Зазвонил внутренний телефон, Гольцман поднял трубку и услышал голос секретарши.
— К вам Игнат, Борис Дмитриевич.
Борис Дмитриевич чертыхнулся и, сбившись со счета, бросил на стол пухлую пачку двадцатидолларовых купюр.
— Чего ему надо? Нет меня. Скажи — занят… Уехал… Не знаю, сама думай. Все, не беспокой меня ближайшие полчаса!
Как только он положил трубку, дверь кабинета распахнулась, и на пороге возник Игнат собственной персоной.

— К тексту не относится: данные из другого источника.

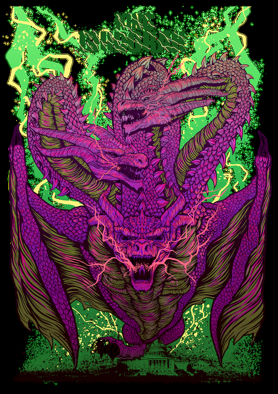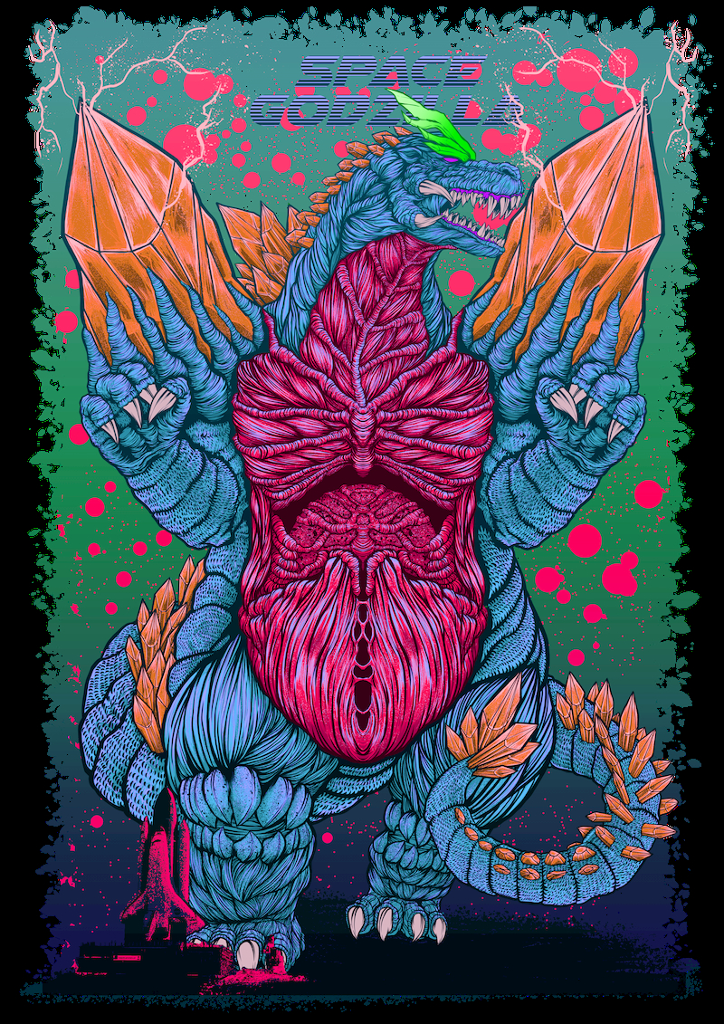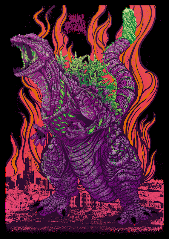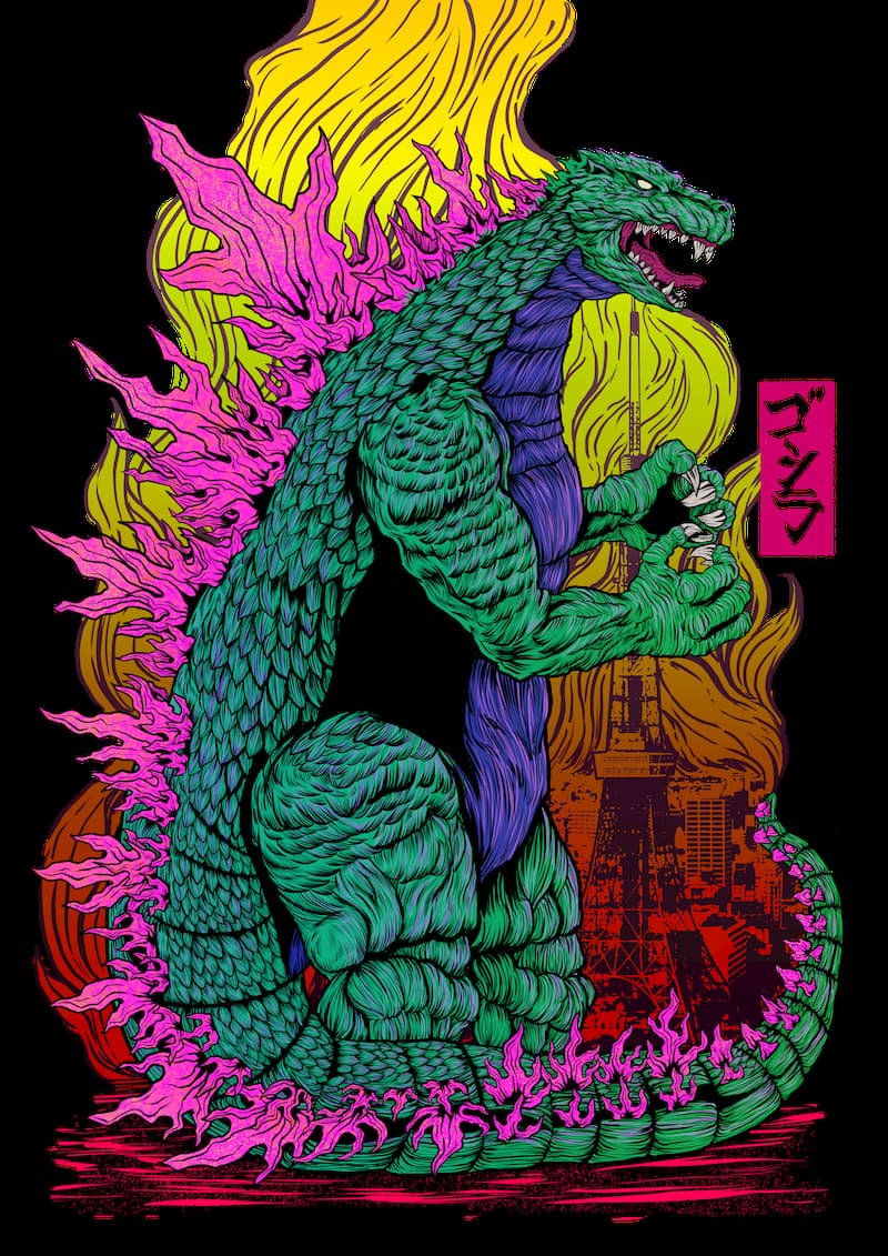 其構圖靈感來自於藝術家本身喜愛的一款80年代玩具-《魔髮精靈》(Trolls),這是一個充滿炫麗色彩的電影,從這張圖上色的多樣性便可略知一二,而在哥吉拉背後的巨大火焰,表層的意義是哥吉拉反撲、破壞時引起大火,將世界摧毀殆盡。不過你有發現嗎?這把火焰線條本身的流動方式宛如髮絲一般,這其實就是呼應「魔髮精靈」中以頭髮為核心的設計,而整張圖片的配色上也參考電影中擁有彩虹般五顏六色的形式,讓整張作品更加生動。

Не останавливаясь и не здороваясь, он, захлопнув ногой дверь, подошел к столу Гольцмана, придвинул кресло и уселся напротив Бориса Дмитриевича с совершенно хозяйским видом.
— Ты что? — изумленно спросил Гольцман. — Ты что, Игнат, себе позволяешь?
— Не будем месить воду в ступе, — заявил Игнат. — Снимай концерт, Боря.
— Что?!
То, что сказал Игнат, было вне понятия реальности. Снимать сегодняшний концерт было невозможно. Ни при каких обстоятельствах. Мало того что все билеты были проданы, но в данный момент к стадиону приближалась на четырех «мерседесах» делегация Союза прогрессивных либералов, заплатившая за свою рекламу большие деньги… И даже не в деньгах, собственно, было дело, хотя и в них тоже. Дело было гораздо более серьезное… Дело было в политической ситуации и в зависимости от нее бизнеса Гольцмана, да и самого физического существования Бориса Дмитриевича.
— Что ты сказал?
— Что слышал. Снимай, говорю, концерт. Его все равно не будет.
Гольцман сглотнул комок, подступивший к горлу, и потянулся к телефонной трубке.
— Спокойно! — тихо вскрикнул Игнат. Он одним прыжком вылетел из кресла, оказался рядом с Гольцманом, вырвал из его руки трубку, положил на аппарат, вытащил из собственного кармана мобильник, набрал несколько цифр и протянул Борису Дмитриевичу — все это в какие-то секунды.
— Кто там? — невпопад спросил Гольцман, машинально беря трубку из рук бандита.
— Там Моня. Твой администратор. Он сейчас на стадионе. Поговори с ним. Он тебе доходчивей объяснит…
— Что? При чем тут…
Гольцман услышал в трубке голос Мони и махнул рукой на Игната — мол, иди ты куда подальше…
— Игорь? Что там у тебя?
— Борис Дмитриевич? Это вы?
— Я, я… Говори, что там происходит? Тут у меня какие-то… Короче, что?
— Труба, Борис Дмитриевич! Полный аллес! Все билеты арестованы!
— Что это значит?
Лицо Гольцмана стало наливаться революционным багрянцем. Он был профессионалом и уже понял, что сейчас услышит. Понял, но только до самой последней секунды не хотел в это верить.
— Никого не пускают на стадион, Борис Дмитриевич. Тут ревизия из налоговой инспекции… Полиция, все дела… Короче, все билеты, которые куплены через кассы, — фальшивые…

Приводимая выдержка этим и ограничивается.